My requirement is: I have a file named "sample.json" under a directory "input", I have my java file named "JsonRead.java" under a directory "testcase". So, the entire folder structure will be like untitled/splunkAutomation/src and under this I have folders input, testcase.
once after you compile your program, you can see a input file copy named "sample.json" under a folder named "out/production/yourparentfolderabovesrc/input" and class file named "JsonRead.class" under a folder named "out/production/yourparentfolderabovesrc/testcase". So, during run time, Java will actually refer these files and NOT our actual .java file under "src".

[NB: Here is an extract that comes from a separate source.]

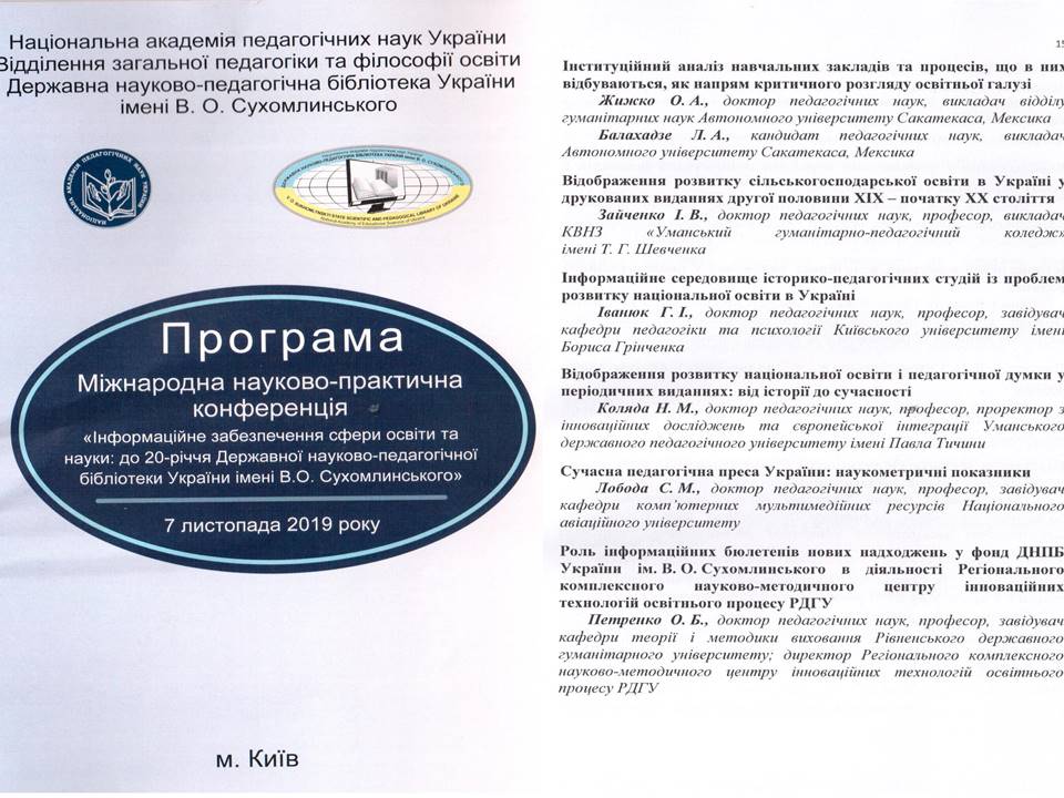 | 4456 | Міжнародна науково-практична конференція "Інформацйне забезпечення сфери освіти: до 20-річчя Державної науково-педагогічної бібліотеки України імені В.О. Сухомлинського" | Інформаційне середовище історико-педагогічних студій із проблем розвитку національної освіти України | Державна науково-педагогічна бібліотека України імені В.О. Сухомлинського |

So, my JsonRead.java looked like this,
package testcase;
import java.io.*;
import org.json.simple.JSONObject;
public class JsonRead{
public static void main(String[] args){
java.net.URL fileURL=JsonRead.class.getClass().getResource("/input/sample.json");
System.out.println("fileURL: "+fileURL);
File f = new File(fileURL.toURI());
System.out.println("fileIs: "+f);
}
}
This will give you the output like,
fileURL: file:/C:/Users/asanthal/untitled/out/production/splunkAutomation/input/sample.json
fileIs: C:\Users\asanthal\untitled\out\production\splunkAutomation\input\sample.json
It worked for me. I was saving all my classes on a folder but I needed to read an input file from the parent directory of my classes folder. This did the job.
String FileName = "Example.txt";
File parentDir = new File(".."); // New file (parent file ..)
File newFile = new File(parentDir,fileName); //open the file